A dump should define:
* a script(s) to run
* output file(s)
* the dump schedule
* a short name
* brief description (wikitext or HTML? translatable?)
* required input files (maybe)
Make clear timelines of consistent dumps.
* drop the misleading "one dir with one timestamp for all dumps" appraoch
* have one timeline per dump instead
* for dumps that are guaranteed to be consistent (one generated from the other),
generate a timeline of directories with symlinks to the actual files.
Make dumps discoverable:
* There should be a machine readable overview of which dumps exist in which
versions for each project.
* This overview should be a JSON document (may even be static)

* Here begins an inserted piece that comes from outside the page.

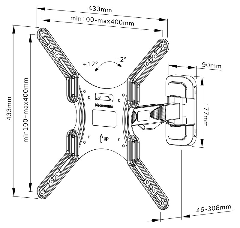Plně pohyblivý nástěnný držák pro ploché obrazovky od 32" do 55" s maximální nosností 35 kg. Všestranná technologie naklápění a otáčení umožňuje vytvořit optimální pozorovací úhel. Pro dosažení ideální instalace lze držák vyrovnat do vodorovné polohy. Držák má hloubku 4,6 až 30,8 cm a je vhodný pro obrazovky, které odpovídají vzoru otvorů VESA 100 × 100 až 400 × 400 mm.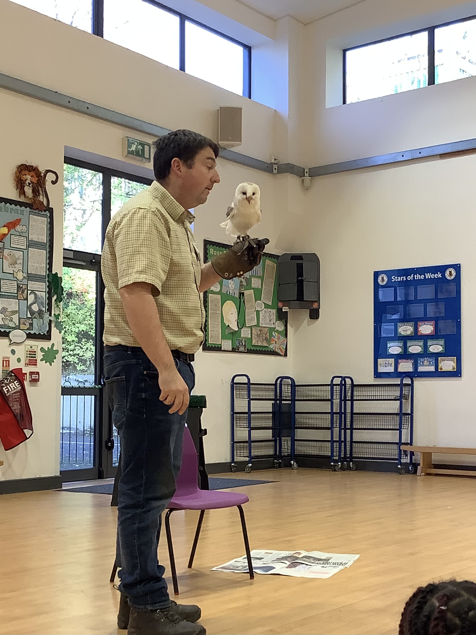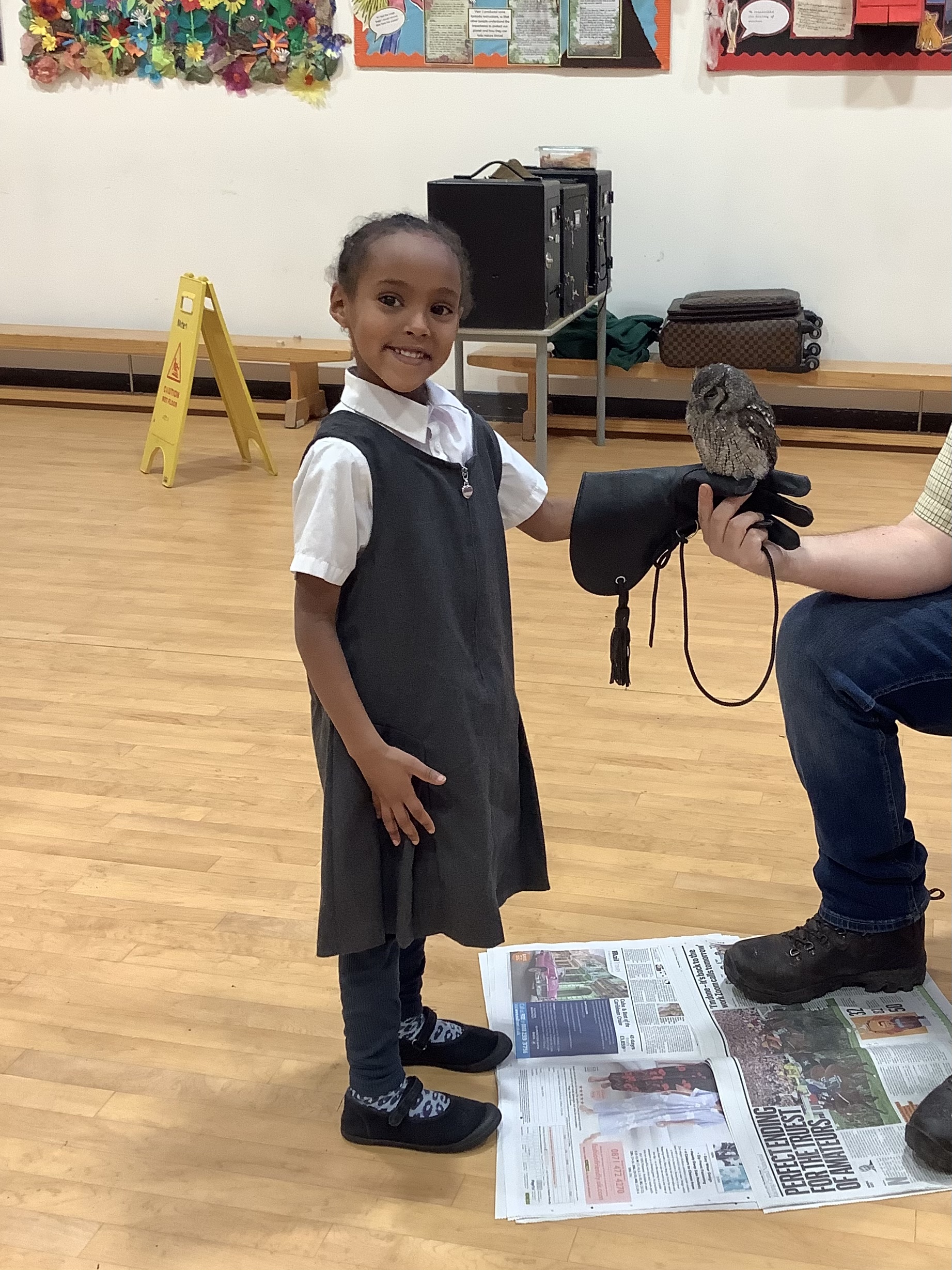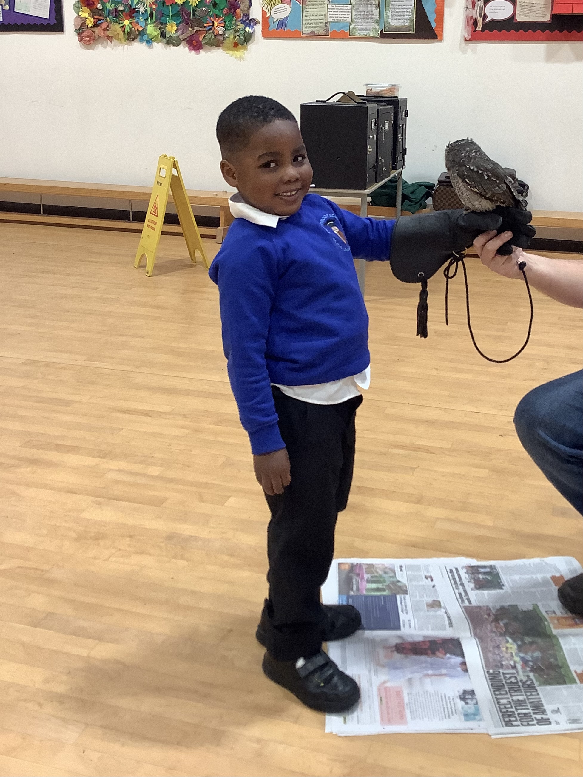 In Reception we had some exciting visitors this week. We met some real life owls. We had lots of fun watching them fly and we even got to hold one.

* Perhaps we also want a DCAT-AP description of our dumps
Promote stable URLs:
* The latest dump of any type should be available under a stable, predictable URL.
* TBD: "latest" URL could point to a symlink, get rewritten to the actual file,
or trigger an HTTP redirect.
Thoughts? Comments? Additions?
--
Daniel Kinzler
Senior Software Developer
Wikimedia Deutschland
Gesellschaft zur Förderung Freien Wissens e.V.